Timor is sitting on the bed, smoking. His eyes are too small for his face, which gives him the look of a chubby rat, with a graze of stubble and dark hairs springing from the collar of his shirt and the cuffs of his tailored shirt.

“I give you ten minutes, okay?” he says, in a clipped Russian accent. “Because I want you to know I don't have anything to do with this. We will clear the air and then you can go fart in someone else's house.”

“Paul Lafonte,” Gabi starts. “We found your number in the recently dialed list on his phone.”

He interrupts her. “Yes, he owes me. Two hundred dollars. You think I would put pain on a man for two hundred dollars? Does that make fiscal sense? A broken arm does not help make the payments on my boat.”

“You strike me as the kind of man who doesn't make payments.”

“It's a recession. What can I say?”

“What kind of boat?”

“You know boats? A Beneteau First 30.”

“My father taught me to sail. He skippers a yacht in Miami. Sunset cruises, corporate events. He doesn't own it, though. The upkeep is too expensive.”

“Let me ask you, then, Miss Detective. Would your father throw someone overboard for breaking a champagne glass?”

“If it was damaging to his business and he needed to set an example.”

Timor gives her a pitying look. “Mr.
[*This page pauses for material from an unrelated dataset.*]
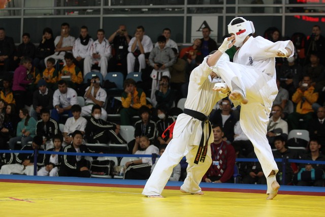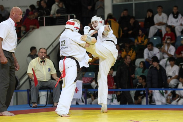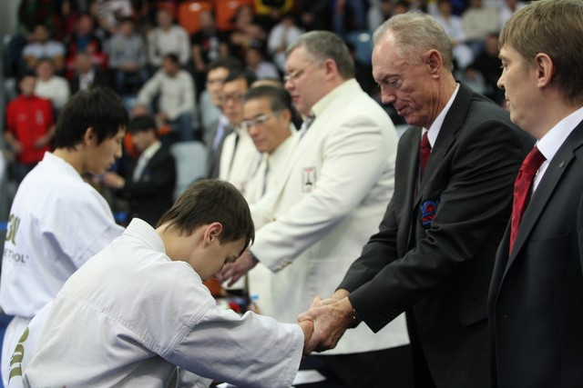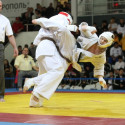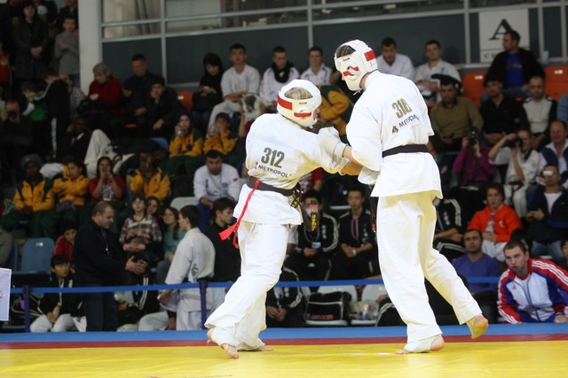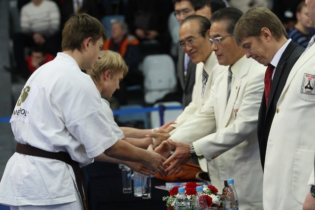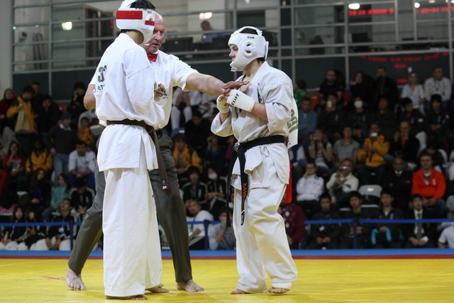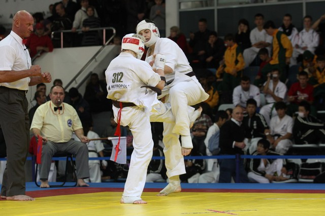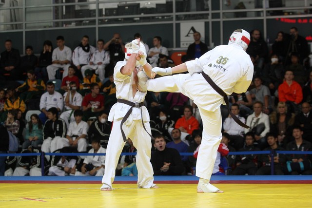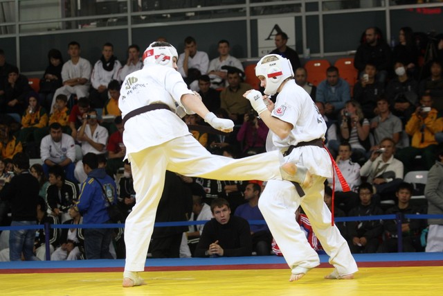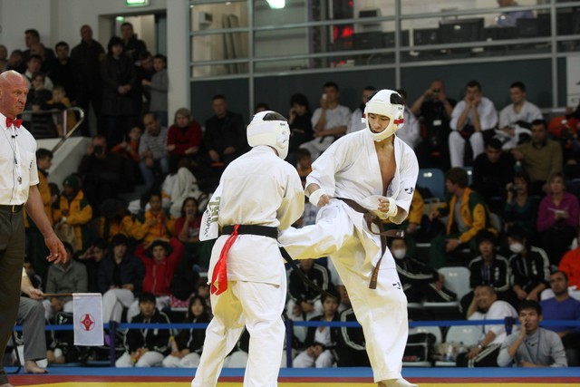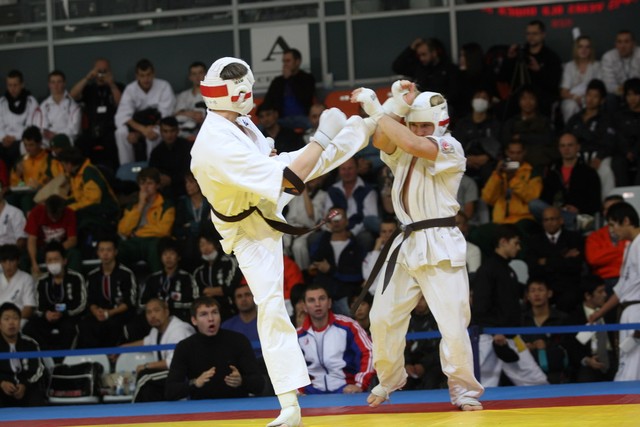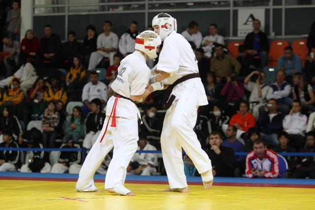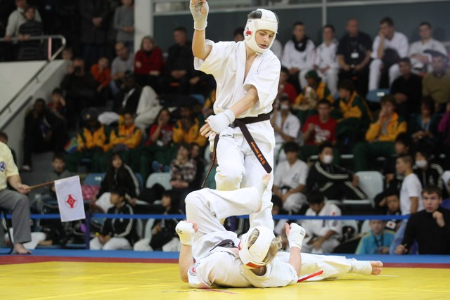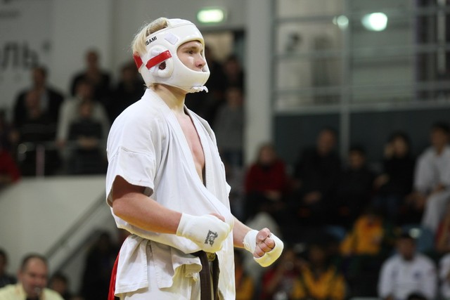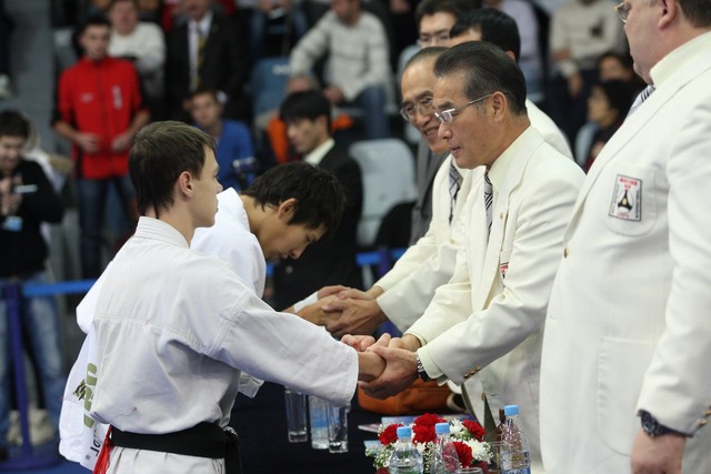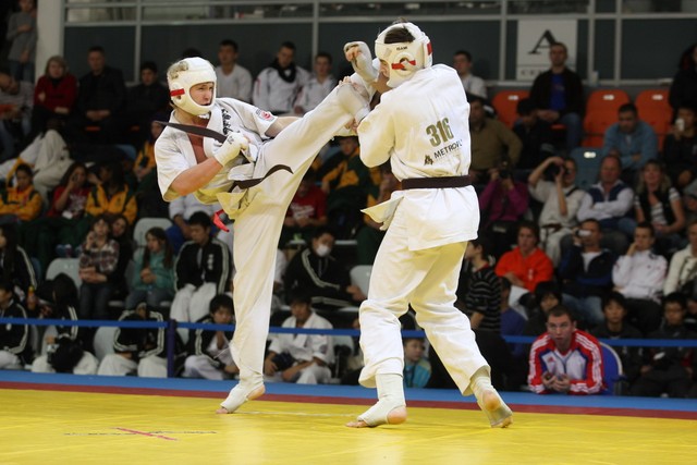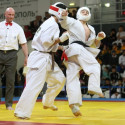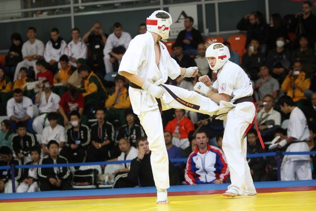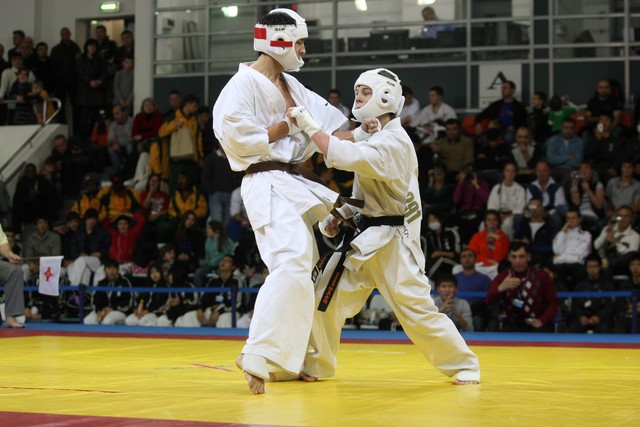 I Открытое первенство мира по Кёкусин-кан. Финальные поединки в категориях «Юноши 14-15 лет, до 65 кг» (Джулдасов Руслан, Казахстан – Звоник Дан, Украина) и «Юноши 14-15 лет, свыше 65 кг» (Спиридонов Андрей, Россия, АКР – Синяговский Артём, Россия, Кёкусин-кан, Краснодарский край). Фото О. Бессуднова

Lafonte cannot hurt my business. He is a small fry and I am the…king lobster. I am very sorry for what happened to his son. It's a terrible thing.”

“So you know what happened?”

“The boy is dead. Isn't that enough?”

“Not in this case. There are some—unusual—specifics.”

“What are these specifics?” He twists one of his heavy gold cuff links.

“I'm afraid I can't get into that with you, but I need to ask you something.  Forgive me for being forthright—” Gabi starts.

“No, no, I like a forward woman,” he leers, his mouth full of shining white caps. “You would like to come sailing one day? It would be my pleasure to have you. See what your father taught you.”

“And go swimming with the fishes? No thank you.” Gabi smiles thinly. “Russians are known for sending a message. Brutal ones. Cutting off hands and feet. Decapitations. There were feet washing up in Canada a while ago. Would have had to be dumped from a boat.”

“Gabriella,” Luke warns.

Timor sneers. “I have heard these things too, and maybe some of it is true in other cities. I can't speak for every Russian. But we do not kill children. We are not fucking Mexicans! Not even the narcos would do something this stupid. Bring down the police. For what? Two hundred dollars? You tell Mr. Lafonte that as a sign of goodwill and compassion, I forgive his debt.”